О господи! Это была самая что ни на есть натуральная курица – белая, средней упитанности. Она разгребала землю, выискивая червей, и сама с собой тихо разговаривала. Сооружение почти у самого ручейка – маленькое, черненькое, с круглой трубой, – конечно же, могло быть только баней. При приближении Кента курица опасливо удалялась, но не слишком быстро. Удивительная вещь жизнь! Вчера он о курице и мечтать не мог, сегодня она – реальная еда. Но откуда она здесь? Видя, что курица ведет себя спокойно, он присел на бревно, чтобы сообразить: наяву это или он жертва галлюцинации.
«Цып-цып», – сказал он в раздумье и повторил: «Цып-цып»…

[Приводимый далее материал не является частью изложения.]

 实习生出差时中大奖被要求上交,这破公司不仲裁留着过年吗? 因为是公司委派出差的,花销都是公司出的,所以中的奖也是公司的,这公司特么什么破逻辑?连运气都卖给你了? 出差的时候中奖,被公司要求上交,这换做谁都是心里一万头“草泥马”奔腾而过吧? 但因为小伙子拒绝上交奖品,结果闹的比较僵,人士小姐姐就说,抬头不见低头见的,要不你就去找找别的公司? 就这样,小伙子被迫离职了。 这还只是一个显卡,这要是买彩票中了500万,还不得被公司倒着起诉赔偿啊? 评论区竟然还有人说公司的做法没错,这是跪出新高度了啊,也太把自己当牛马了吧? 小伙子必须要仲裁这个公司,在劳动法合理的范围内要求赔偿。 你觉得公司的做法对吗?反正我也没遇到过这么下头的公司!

Что это означает на курином языке, ему было неизвестно, но все знают, что к этим пернатым обращаются именно так. Однако курица, недоверчиво вытянув шею, покосилась на него и сказала в ответ лишь: «ко-ко-ко».

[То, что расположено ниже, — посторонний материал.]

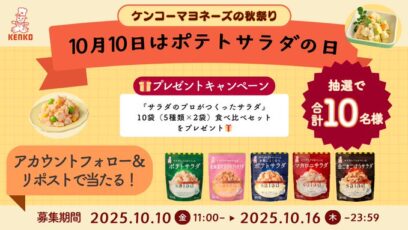 SNS応募の懸賞【X懸賞】『サラダのプロがつくったサラダ』食べ比べセットを10名様にプレゼント 締切:2025-10-16 ケンコーマヨネーズ‐フォロー&リポストキャンペーン 賞品:『サラダのプロがつくったサラダ』食べ比べセット(10名様) 締切:2025年10月16日(木) 公式X(Tw...SNS応募の懸賞

Звучало как вопрос, вроде – что тебе надо? Но могло означать и какое-нибудь предложение из трех слов… Понять это было невозможно – здесь его знания куриного языка кончались.
Кент, обеспокоенный появлением курицы, осторожно обошел близстоявшие домишки, затем осмотрел и дома, расположенные подальше. Признаков жизни он нигде не обнаружил. Боясь потерять курицу, вернулся к баньке. Курица оказалась на месте. Кент всячески приманивал курицу, звал, просил, умолял – ничто, увы, не помогало.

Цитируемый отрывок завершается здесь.